Sheep genomes

Sheep genomes

David Sparks Ph.D.
David Sparks Ph.D.
A University of Idaho-led project will define how different genomes determine the unique qualities of popular domestic sheep breeds and Rocky Mountain bighorn sheep.

The mechanisms by which genomes have adapted in environments to produce a diversity of observable traits is a focus of the study. Some of the different domestic sheep include Suffolk, East Friesian, Navajo Churro, St. Croix, Awassi, Merino, and Polypay, a breed that was developed in Idaho in the 1960s.

U of I animal scientist Brenda Murdoch will lead the $500,000 study funded by the U.S. Department of Agriculture National Institute of Food and Agriculture. She is an associate professor in the College of Agricultural and Life Sciences’ Animal, Veterinary and Food Sciences Department.

The research will provide basic genetic data that will increase understanding of how genomes result in different biological traits and empower scientists to more effectively predict the physiological outcomes for improved breeding strategies.

The future uses may help ranchers assess their herds to identify the most productive and disease-free animals and decide which to keep and which to send to market.

Murdoch’s collaborators will include researchers from USDA Agricultural Research Service, Utah State University, New Zealand AgResearch, and the Roslin Institute in Edinburgh, Scotland

The team chose the sheep breeds for the economic value of their diverse biological traits, Murdoch said. Some such as the bighorn and St. Croix draw recognition worldwide for their esthetic appeal and for their susceptibility and resistance to disease and parasites. Others were selected for their excellence in more commercial biological traits such as milking, meat and fiber. Finally, some sheep where selected because something in their genome allows them to thrive in hot and desert conditions.

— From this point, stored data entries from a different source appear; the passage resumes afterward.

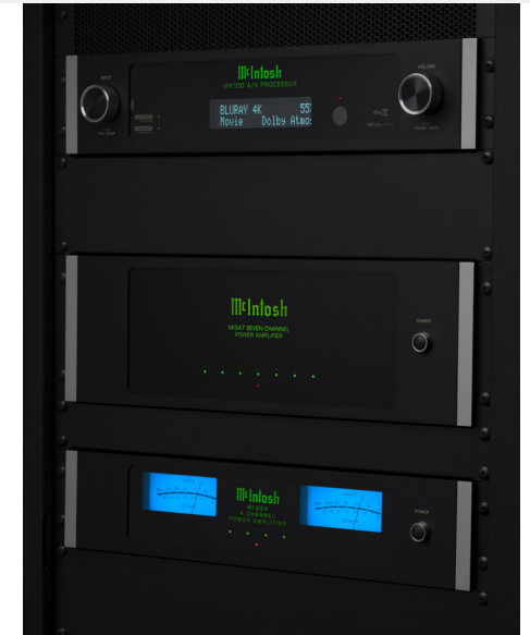
Top: MX100 A/V Processor, MI347 7-Channel Amplifier, and MI254 4-Channel Amplifier installed in AV rack.
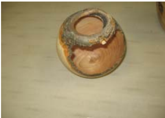
Bill Flewelling's hollow vessel (unidentified wood)

Your editor joins the Nor-Cal Woodturners board in welcoming new members:
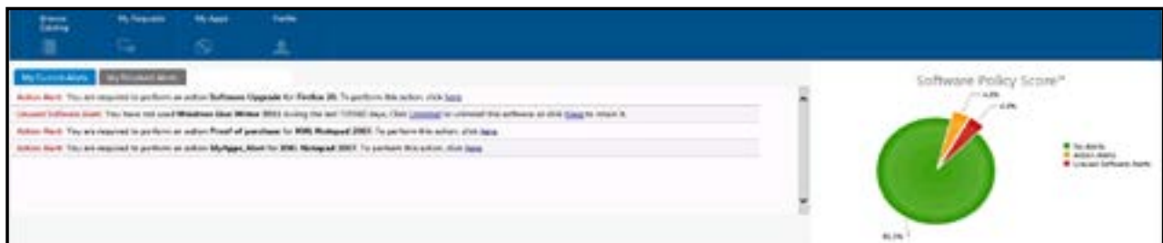
Figure 2: My Apps offers employees one place to view how applications installed on their devices comply with corporate policies and to participate in Software License Optimization.

Software Policy Score™ — A metric, displayed as a pie chart, that indicates how closely applications on the user's devices comply with defined policies. Users can keep their score green by aggressively resolving the policy alerts they receive, such as removing unused applications or providing proof of purchase for unlicensed software. This unique feedback mechanism enables IT to engage users and encourage them to be good corporate citizens, making them part of the solution rather than part of the problem.
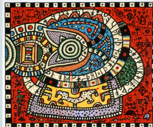
Rune Reader II
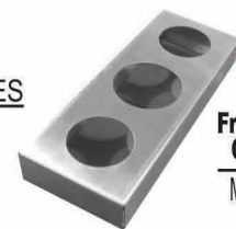
Free-Standing Cup Holder Model #670199
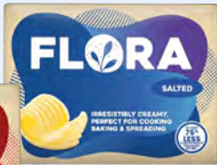
10486 Flora Plant Butter, Salted 250g
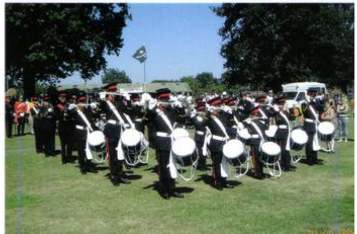
The band ready to march on (very smart indeed)

The project reflects a new strategy for mapping the variation of genomes in a species’ “pangenome,” its complete genomic catalog with it associated biological traits. Called trio binning, the method defines the two parents’ unique contributions to the offspring.

Each parent contributes half of its genome to the offspring, and the offspring represents both of the parental genomes. The researchers will take the offspring to analyze their genetic sequences and the parents’ contributions.

Through increasingly common technology, scientists can readily sequence genes to predict a plant or animal’s vulnerability to diseases, its productivity, and other characteristics.

The pangenome project will give researchers a more panoramic view of the genetic traits that make sheep what they are.

Genes form the building blocks of the traits that make species from sheep to humans, but often it is how many genes work together that determines how organisms survive.

The potential payoffs are diverse. They range from finding ways to increase the survival of wild bighorn sheep by identifying individuals that are less susceptible to pneumonia to strategies to maximize profits by better matching domestic sheep flocks to range conditions.